RECORDS FOR THE TASK |
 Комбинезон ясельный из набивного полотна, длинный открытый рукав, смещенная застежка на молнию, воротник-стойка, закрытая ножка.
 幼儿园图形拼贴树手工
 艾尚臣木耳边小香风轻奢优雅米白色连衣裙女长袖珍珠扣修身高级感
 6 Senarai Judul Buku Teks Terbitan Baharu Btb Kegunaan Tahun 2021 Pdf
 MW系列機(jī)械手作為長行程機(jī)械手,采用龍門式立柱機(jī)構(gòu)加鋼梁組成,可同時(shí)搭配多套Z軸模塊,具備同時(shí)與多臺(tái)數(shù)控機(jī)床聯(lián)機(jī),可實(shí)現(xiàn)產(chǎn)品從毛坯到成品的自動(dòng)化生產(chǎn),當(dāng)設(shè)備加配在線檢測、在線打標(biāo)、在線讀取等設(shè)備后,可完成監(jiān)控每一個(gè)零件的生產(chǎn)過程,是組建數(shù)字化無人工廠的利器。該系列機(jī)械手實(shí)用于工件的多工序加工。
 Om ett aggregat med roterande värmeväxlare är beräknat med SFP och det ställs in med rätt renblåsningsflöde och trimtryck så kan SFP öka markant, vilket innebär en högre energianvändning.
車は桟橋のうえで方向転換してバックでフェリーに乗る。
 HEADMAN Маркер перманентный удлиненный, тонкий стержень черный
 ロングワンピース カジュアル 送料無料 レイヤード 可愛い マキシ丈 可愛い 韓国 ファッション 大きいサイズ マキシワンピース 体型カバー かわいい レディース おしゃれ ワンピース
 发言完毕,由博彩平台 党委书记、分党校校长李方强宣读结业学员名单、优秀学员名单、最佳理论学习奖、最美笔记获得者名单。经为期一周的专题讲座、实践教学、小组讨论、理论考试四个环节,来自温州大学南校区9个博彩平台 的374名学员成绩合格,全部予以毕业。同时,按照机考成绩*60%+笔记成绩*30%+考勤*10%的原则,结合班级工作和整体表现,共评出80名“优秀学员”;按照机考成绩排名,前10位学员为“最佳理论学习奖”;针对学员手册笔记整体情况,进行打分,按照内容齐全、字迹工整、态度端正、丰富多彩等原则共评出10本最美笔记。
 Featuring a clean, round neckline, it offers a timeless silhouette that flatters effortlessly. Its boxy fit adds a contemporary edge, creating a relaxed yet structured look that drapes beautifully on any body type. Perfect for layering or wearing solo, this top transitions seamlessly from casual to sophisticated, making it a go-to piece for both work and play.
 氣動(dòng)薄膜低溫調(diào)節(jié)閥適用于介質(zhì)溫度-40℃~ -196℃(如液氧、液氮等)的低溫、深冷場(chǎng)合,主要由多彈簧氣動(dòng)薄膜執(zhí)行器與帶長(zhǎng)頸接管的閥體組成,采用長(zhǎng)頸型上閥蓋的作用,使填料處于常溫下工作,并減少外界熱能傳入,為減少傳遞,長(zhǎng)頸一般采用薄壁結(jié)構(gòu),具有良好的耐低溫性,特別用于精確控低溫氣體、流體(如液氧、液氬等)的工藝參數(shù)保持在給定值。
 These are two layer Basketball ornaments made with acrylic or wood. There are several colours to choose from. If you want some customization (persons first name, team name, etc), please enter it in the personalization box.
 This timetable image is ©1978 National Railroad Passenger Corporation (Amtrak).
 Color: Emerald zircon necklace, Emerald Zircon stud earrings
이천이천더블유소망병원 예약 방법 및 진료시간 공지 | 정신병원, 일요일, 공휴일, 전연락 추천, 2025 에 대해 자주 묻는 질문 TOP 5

WORK TO BE COMPLETED | Everything from the first line of the records through the line holding "ロングワンピース カジュアル 送料無料" is to be transcribed exactly; leave out all other lines.

RESPONSE BOX |
 Комбинезон ясельный из набивного полотна, длинный открытый рукав, смещенная застежка на молнию, воротник-стойка, закрытая ножка.
 幼儿园图形拼贴树手工
 艾尚臣木耳边小香风轻奢优雅米白色连衣裙女长袖珍珠扣修身高级感
 6 Senarai Judul Buku Teks Terbitan Baharu Btb Kegunaan Tahun 2021 Pdf
 MW系列機(jī)械手作為長行程機(jī)械手,采用龍門式立柱機(jī)構(gòu)加鋼梁組成,可同時(shí)搭配多套Z軸模塊,具備同時(shí)與多臺(tái)數(shù)控機(jī)床聯(lián)機(jī),可實(shí)現(xiàn)產(chǎn)品從毛坯到成品的自動(dòng)化生產(chǎn),當(dāng)設(shè)備加配在線檢測、在線打標(biāo)、在線讀取等設(shè)備后,可完成監(jiān)控每一個(gè)零件的生產(chǎn)過程,是組建數(shù)字化無人工廠的利器。該系列機(jī)械手實(shí)用于工件的多工序加工。
 Om ett aggregat med roterande värmeväxlare är beräknat med SFP och det ställs in med rätt renblåsningsflöde och trimtryck så kan SFP öka markant, vilket innebär en högre energianvändning.
車は桟橋のうえで方向転換してバックでフェリーに乗る。
 HEADMAN Маркер перманентный удлиненный, тонкий стержень черный
 ロングワンピース カジュアル 送料無料 レイヤード 可愛い マキシ丈 可愛い 韓国 ファッション 大きいサイズ マキシワンピース 体型カバー かわいい レディース おしゃれ ワンピース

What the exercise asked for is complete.